After this success other scientists became involved in the quest to develop large quantities of purified insulin extracts. Eventually, extracts from pig and cow pancreases created a sufficient and reliable supply of insulin. For the next 50 years most of the insulin used to treat diabetes was extracted from porcine and bovine sources. There are only slight differences in chemical structure between bovine, porcine, and human insulin, and their hormonal activities are essentially equivalent. Today, as a result of recombinant DNA technology, most of the insulin used in therapy is synthesized by pharmaceutical companies and is identical to human insulin (see below Synthetic human proteins).

Identification of vitamins

Vitamins are organic compounds that are necessary for body metabolism and, generally, must be provided from the diet. For centuries many diseases of dietary deficiency had been recognized, although not well defined. Most of the vitamin deficiency disorders were biochemically and physiologically defined in the late 19th and early 20th centuries. The discovery of thiamin (vitamin B1) exemplifies how vitamin deficiencies and their treatment were discovered.

Thiamin deficiency produces beriberi, a word from the Sinhalese meaning “extreme weakness.” The symptoms include spasms and rigidity of the legs, possible paralysis of a limb, personality disturbances, and depression. This disease became widespread in Asia in the 19th century because steam-powered rice mills produced polished rice, which lacked the vitamin-rich husk. A dietary deficiency was first suggested as the cause of beriberi in 1880 when a new diet was instituted for the Japanese navy. When fish, meat, barley, and vegetables were added to the sailor’s diet of polished rice, the incidence of beriberi in the navy was significantly reduced. In 1897 the Dutch physician Christiaan Eijkman was working in Java when he showed that fowl fed a diet of polished rice developed symptoms similar to beriberi.
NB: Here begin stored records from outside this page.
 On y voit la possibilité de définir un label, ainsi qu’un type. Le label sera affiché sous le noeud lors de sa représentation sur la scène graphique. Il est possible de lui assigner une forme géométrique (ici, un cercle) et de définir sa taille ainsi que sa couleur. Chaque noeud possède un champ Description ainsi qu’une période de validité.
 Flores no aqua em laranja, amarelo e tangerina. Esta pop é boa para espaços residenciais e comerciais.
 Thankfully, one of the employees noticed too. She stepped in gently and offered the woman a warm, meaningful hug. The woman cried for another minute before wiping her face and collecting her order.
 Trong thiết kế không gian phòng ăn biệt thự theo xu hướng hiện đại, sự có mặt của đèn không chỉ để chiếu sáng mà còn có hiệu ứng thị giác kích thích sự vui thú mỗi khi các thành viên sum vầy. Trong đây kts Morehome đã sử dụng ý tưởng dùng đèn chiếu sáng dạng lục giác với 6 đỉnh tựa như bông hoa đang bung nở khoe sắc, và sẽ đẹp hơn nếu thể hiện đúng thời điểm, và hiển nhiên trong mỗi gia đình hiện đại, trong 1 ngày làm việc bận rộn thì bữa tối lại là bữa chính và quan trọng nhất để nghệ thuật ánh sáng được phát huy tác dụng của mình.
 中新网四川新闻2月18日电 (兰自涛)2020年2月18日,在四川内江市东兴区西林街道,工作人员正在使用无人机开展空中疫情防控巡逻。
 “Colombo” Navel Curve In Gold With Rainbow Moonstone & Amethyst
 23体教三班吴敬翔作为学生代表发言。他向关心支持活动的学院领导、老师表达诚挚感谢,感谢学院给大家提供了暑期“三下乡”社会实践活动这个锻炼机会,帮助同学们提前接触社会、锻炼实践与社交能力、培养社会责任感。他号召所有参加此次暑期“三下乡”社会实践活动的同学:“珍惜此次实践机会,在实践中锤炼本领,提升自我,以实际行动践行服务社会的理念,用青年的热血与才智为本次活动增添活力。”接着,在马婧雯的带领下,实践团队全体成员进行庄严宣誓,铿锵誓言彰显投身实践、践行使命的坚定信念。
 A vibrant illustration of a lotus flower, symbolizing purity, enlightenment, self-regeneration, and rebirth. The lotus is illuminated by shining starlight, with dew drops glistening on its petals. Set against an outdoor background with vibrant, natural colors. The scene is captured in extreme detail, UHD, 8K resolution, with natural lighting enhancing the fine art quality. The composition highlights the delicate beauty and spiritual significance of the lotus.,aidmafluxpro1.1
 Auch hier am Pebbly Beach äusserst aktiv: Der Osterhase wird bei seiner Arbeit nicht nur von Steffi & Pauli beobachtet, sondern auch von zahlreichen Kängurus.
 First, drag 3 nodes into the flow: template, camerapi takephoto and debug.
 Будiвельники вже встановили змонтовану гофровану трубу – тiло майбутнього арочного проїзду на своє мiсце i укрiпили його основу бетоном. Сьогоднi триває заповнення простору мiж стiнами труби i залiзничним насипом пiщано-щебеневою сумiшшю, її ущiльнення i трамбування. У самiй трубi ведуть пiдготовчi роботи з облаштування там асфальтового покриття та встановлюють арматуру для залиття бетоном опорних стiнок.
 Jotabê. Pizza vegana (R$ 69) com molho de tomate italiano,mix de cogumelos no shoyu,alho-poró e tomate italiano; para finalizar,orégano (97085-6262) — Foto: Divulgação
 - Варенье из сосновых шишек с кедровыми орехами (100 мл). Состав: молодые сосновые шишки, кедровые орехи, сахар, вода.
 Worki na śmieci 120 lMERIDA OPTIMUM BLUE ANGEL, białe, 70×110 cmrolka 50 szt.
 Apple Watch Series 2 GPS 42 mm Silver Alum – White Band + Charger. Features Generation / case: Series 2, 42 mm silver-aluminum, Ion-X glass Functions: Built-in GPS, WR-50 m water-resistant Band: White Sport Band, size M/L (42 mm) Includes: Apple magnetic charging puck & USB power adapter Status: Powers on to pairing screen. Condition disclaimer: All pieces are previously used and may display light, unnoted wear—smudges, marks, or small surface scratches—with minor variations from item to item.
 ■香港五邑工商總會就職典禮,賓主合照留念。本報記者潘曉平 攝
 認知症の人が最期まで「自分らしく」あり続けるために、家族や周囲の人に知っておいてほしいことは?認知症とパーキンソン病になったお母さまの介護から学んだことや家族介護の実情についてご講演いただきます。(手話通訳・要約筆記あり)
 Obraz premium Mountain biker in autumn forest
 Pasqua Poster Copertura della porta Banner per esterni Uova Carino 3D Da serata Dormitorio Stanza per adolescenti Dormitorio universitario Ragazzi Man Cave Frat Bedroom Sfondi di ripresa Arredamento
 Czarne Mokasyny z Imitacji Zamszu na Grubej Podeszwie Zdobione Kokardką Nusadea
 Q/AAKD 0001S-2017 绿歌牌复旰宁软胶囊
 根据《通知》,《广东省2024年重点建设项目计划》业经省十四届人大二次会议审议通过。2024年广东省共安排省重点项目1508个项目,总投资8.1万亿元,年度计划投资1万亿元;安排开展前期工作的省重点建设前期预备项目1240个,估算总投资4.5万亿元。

He was also able to demonstrate that unpolished rice in the diet prevented and cured the symptoms in fowl and humans. By 1912 a highly concentrated extract of the active ingredient was prepared by the Polish biochemist Casimir Funk, who recognized that it belonged to a new class of essential foods called vitamins. Thiamin was isolated in 1926 and its chemical structure determined in 1936. The chemical structures of the other vitamins were determined prior to 1940.